**Raw data**

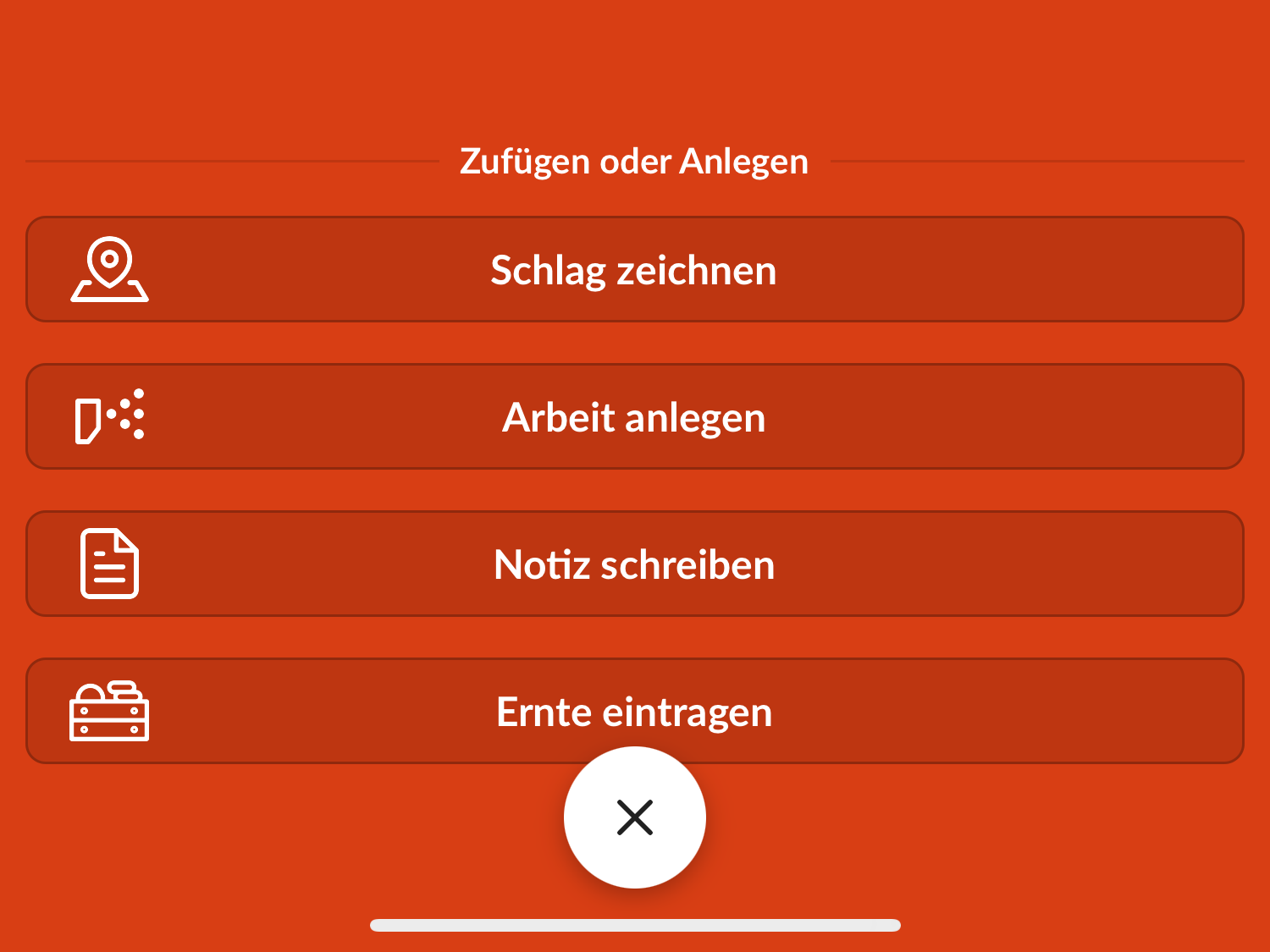 | Um Arbeiten auf Ihren Flächen dokumentieren zu können, müssen diese importiert werden. Die Flächen können in der App (Smartphone) eingezeichnet werden, indem Sie unten in der Mitte auf das orangene Plus-Symbol klicken, danach auf "Schlag zeichnen" klicken und Sie dann auf die Ecken Ihrer Fläche tippen. Zu der eingezeichnete Fläche werden dann genauere Angaben gemacht (Name, Kultur, Sorte, Pflanzdatum). Eine alternative Möglichkeit ist es, eine Datei der Flächen in das Farmable Web Portal zu importieren. Eine genaue Anleitungen dazu finden Sie unter https://support.farmable.tech/de/articles/6172297-so-fugst-du-deinem-betrieb-neue-schlage-hinzu |
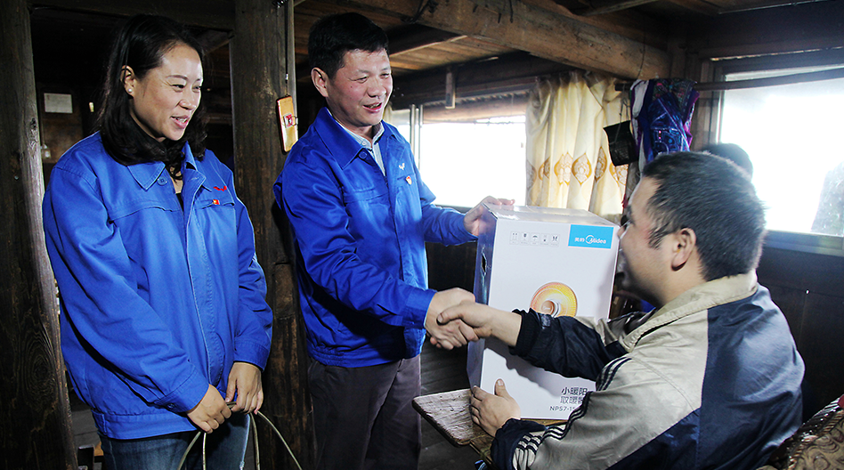 集團有限公司黨委副書記、總裁袁智軍(左二)慰問貧困戶
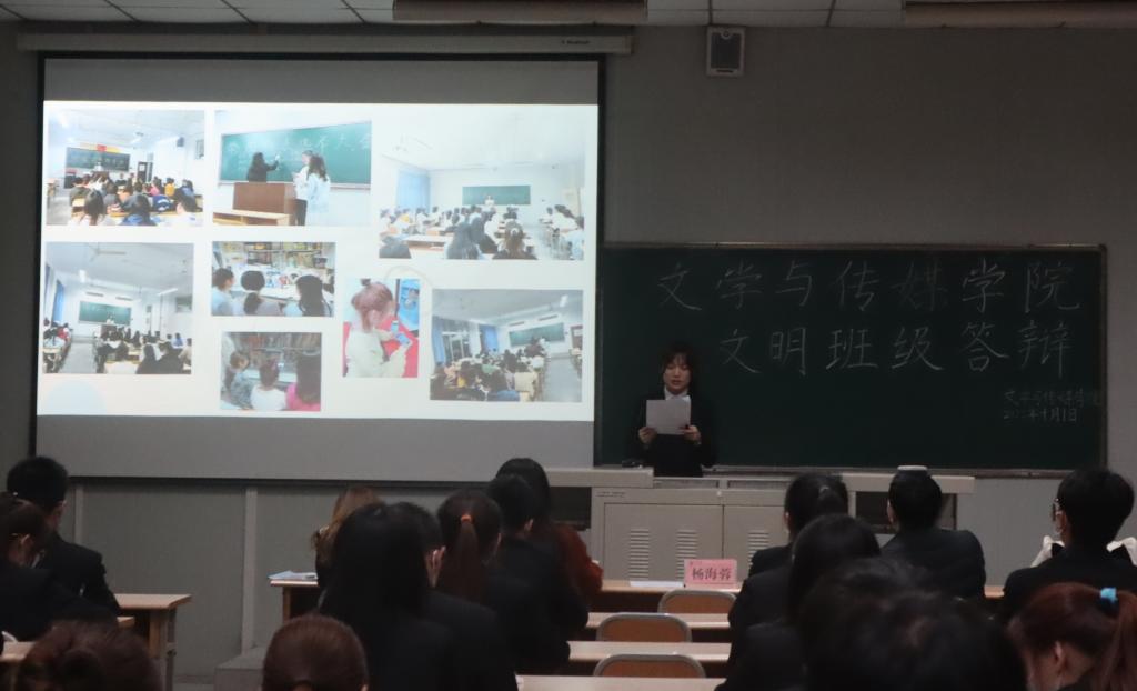 各班级代表通过PPT、微视频和现场陈述,生动地向与会师生展示了班级在组织建设、思想政治教育、学风建设、班级管理、班级文化建设、班级特色文体活动等方面的有效做法和取得的成绩,为在场的观众呈现了一个个和谐友爱、团结向上、积极进取的班集体。
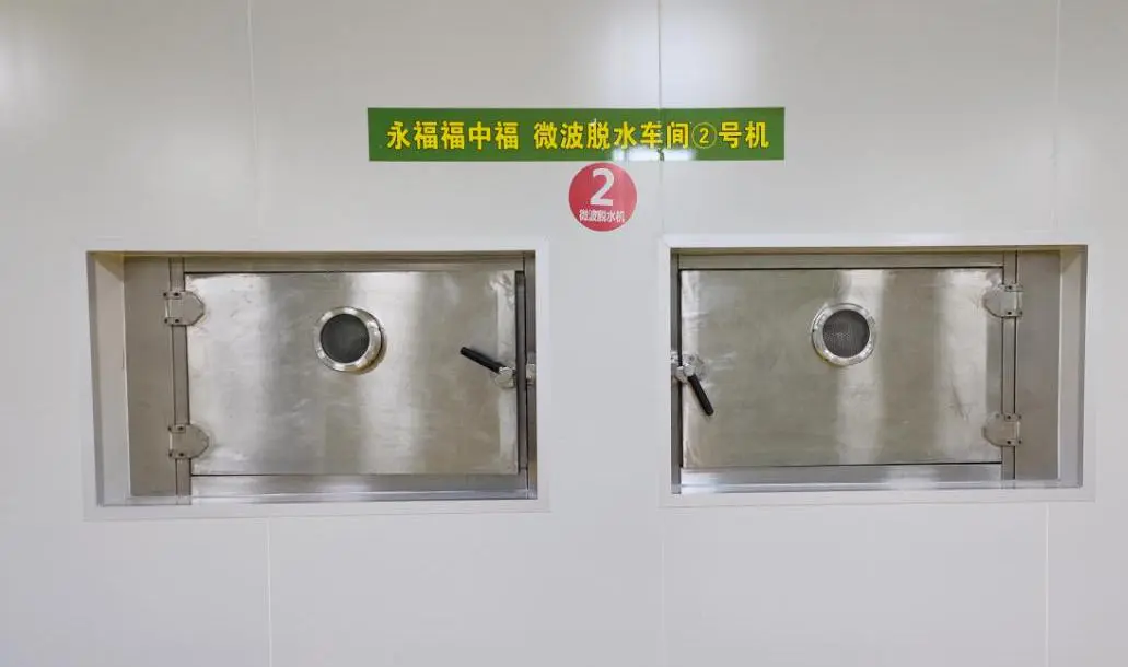 微波脱水工序:采用先进的微波脱水设备,将罗汉果在零下30℃—40℃环境下快速脱水,然后在高真空状态下进行升华脱水。脱水干后的罗汉果片不仅保留了鲜果的色泽、口感和营养成分,还具有较长的保质期。开启微波加热一段时间后设备会自动停止一定时间后再次启动,防止干燥过程中过热,出现炸果、焦化现象。
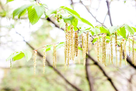 Spring flowers catkins of Common hazel (Corylus avellana) similar to earrings, spring background
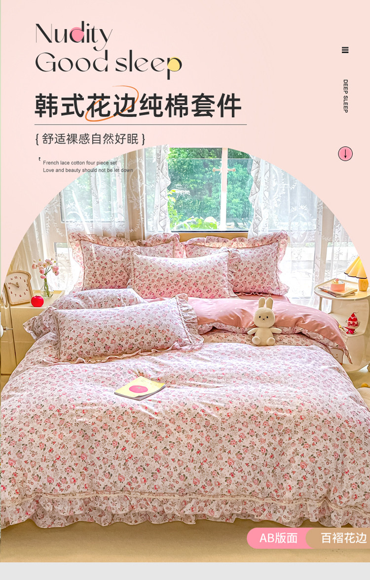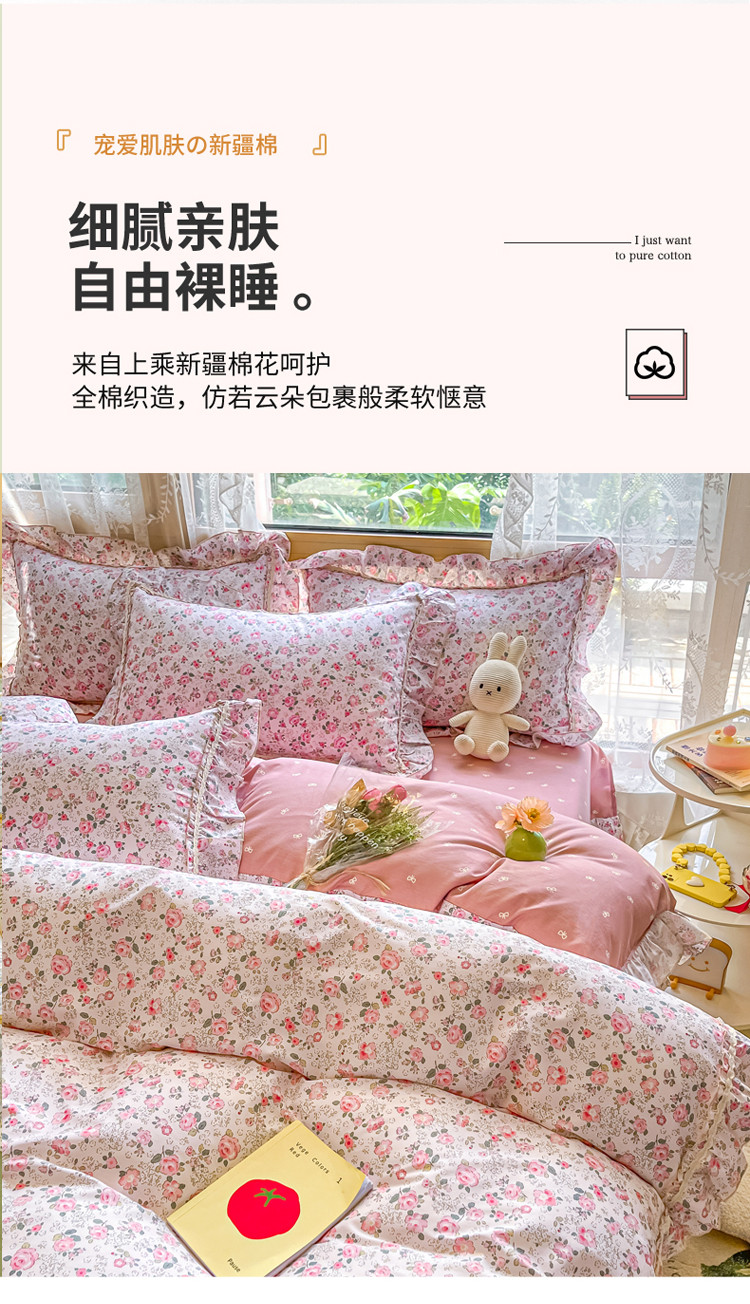 (总)艾唯希2025新款全棉小香风工艺四件套纯棉小花边碎花被套韩式公主风,初朵,春漾,漫丁蔷薇,觅秋,密玲花语,慕归十里,小青藤-米,小樱-咖,雅集,雅蔓花语,樱花,悠然雅居-粉
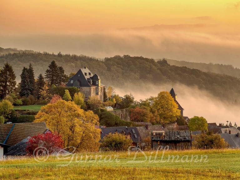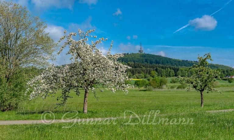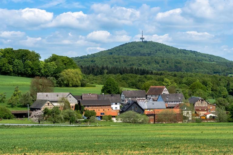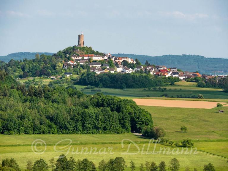 Vorne liegt Hof Haina, eine nur aus wenigen Häusern bestehende Siedlung. Dahinter liegt Bieber und ganz hinten rechts sieht man unseren Wohnort, Fellingshausen.
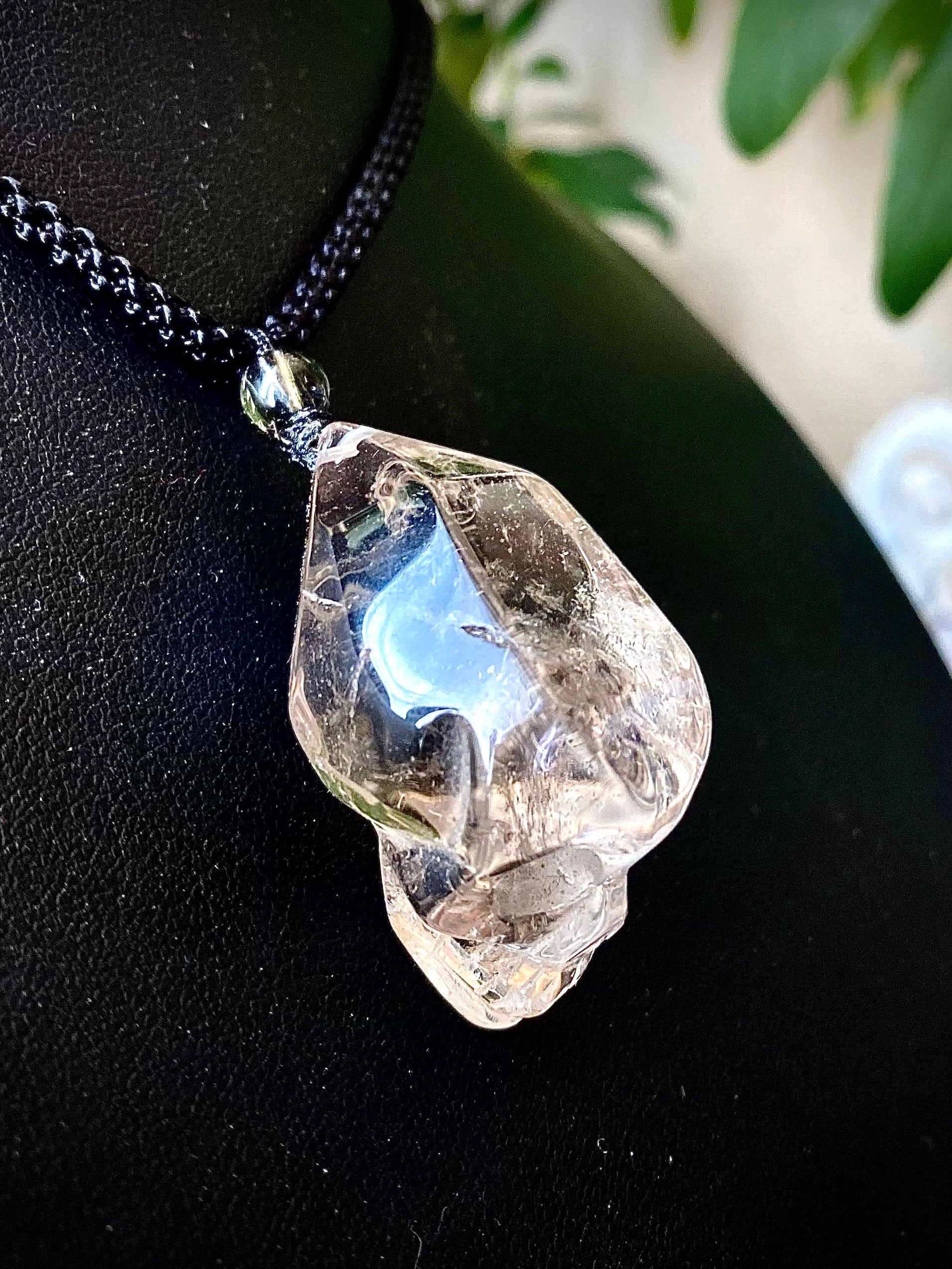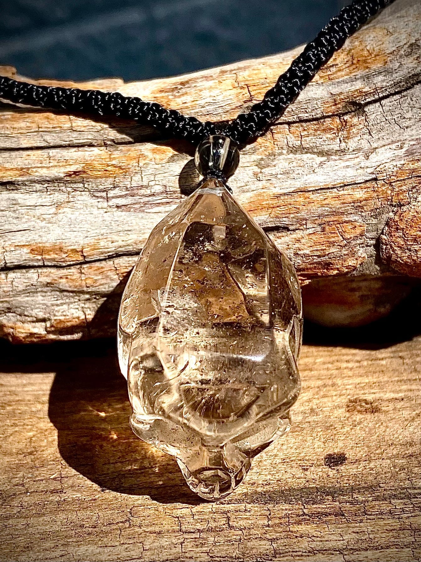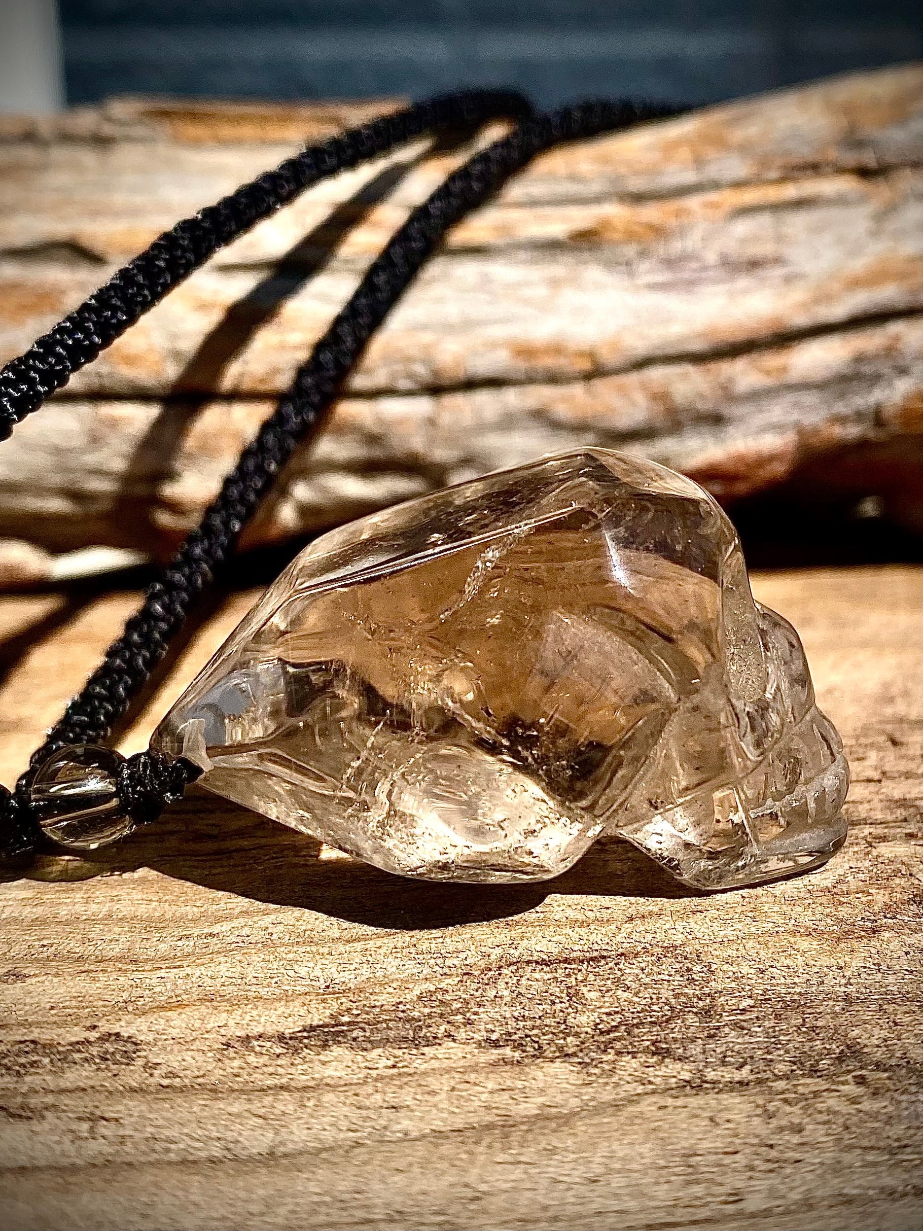 天然石水晶ダイヤモンドカットスカルヘッドペンダント
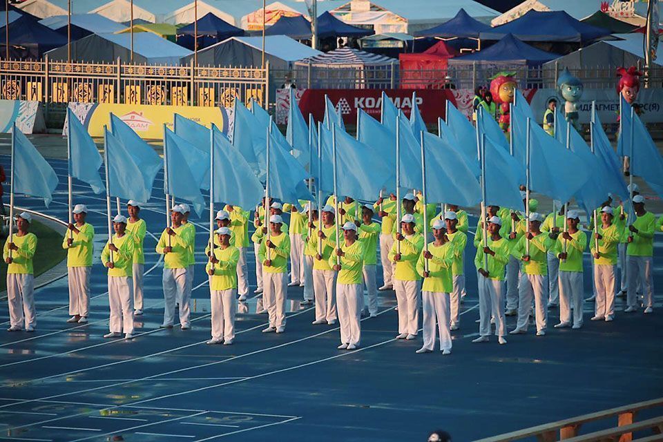 Под аплодисменты зрителей семеро спортсменов внесли на стадион официальный флаг соревнований. Чести поднять его были удостоены гроссмейстер, чемпион России и мира, серебряный призёр Кубка мира по шашкам Андрей Федотов, победитель VI спортивных игр Народов Якутии республики по волейболу Клавдия Павлова, мастер спорта международного класса Рекордсмен мира, победитель первенства Европы Александр Петров, мастер спорта международного класса, серебряный призёр чемпионата Европы, обладатель кубка России по стрельбе Евгения Тимофеева, мастер спорта международного класса, двукратная чемпионка России по легкой атлетике на дистанции 100 м Надежда Гоголева и кандидат в мастера спорта, чемпион России по легкой атлетике среди лиц с ПОДА Александр Парников.

**What the task asks**
The required answer is an exact, picture-free copy of the lines from the opening of the listing above through the line with "天然石水晶ダイヤモンドカットスカルヘッドペンダント".

**Answer space**
 | Um Arbeiten auf Ihren Flächen dokumentieren zu können, müssen diese importiert werden. Die Flächen können in der App (Smartphone) eingezeichnet werden, indem Sie unten in der Mitte auf das orangene Plus-Symbol klicken, danach auf "Schlag zeichnen" klicken und Sie dann auf die Ecken Ihrer Fläche tippen. Zu der eingezeichnete Fläche werden dann genauere Angaben gemacht (Name, Kultur, Sorte, Pflanzdatum). Eine alternative Möglichkeit ist es, eine Datei der Flächen in das Farmable Web Portal zu importieren. Eine genaue Anleitungen dazu finden Sie unter https://support.farmable.tech/de/articles/6172297-so-fugst-du-deinem-betrieb-neue-schlage-hinzu |
 集團有限公司黨委副書記、總裁袁智軍(左二)慰問貧困戶
 各班级代表通过PPT、微视频和现场陈述,生动地向与会师生展示了班级在组织建设、思想政治教育、学风建设、班级管理、班级文化建设、班级特色文体活动等方面的有效做法和取得的成绩,为在场的观众呈现了一个个和谐友爱、团结向上、积极进取的班集体。
 微波脱水工序:采用先进的微波脱水设备,将罗汉果在零下30℃—40℃环境下快速脱水,然后在高真空状态下进行升华脱水。脱水干后的罗汉果片不仅保留了鲜果的色泽、口感和营养成分,还具有较长的保质期。开启微波加热一段时间后设备会自动停止一定时间后再次启动,防止干燥过程中过热,出现炸果、焦化现象。
 Spring flowers catkins of Common hazel (Corylus avellana) similar to earrings, spring background
 (总)艾唯希2025新款全棉小香风工艺四件套纯棉小花边碎花被套韩式公主风,初朵,春漾,漫丁蔷薇,觅秋,密玲花语,慕归十里,小青藤-米,小樱-咖,雅集,雅蔓花语,樱花,悠然雅居-粉
 Vorne liegt Hof Haina, eine nur aus wenigen Häusern bestehende Siedlung. Dahinter liegt Bieber und ganz hinten rechts sieht man unseren Wohnort, Fellingshausen.
 天然石水晶ダイヤモンドカットスカルヘッドペンダント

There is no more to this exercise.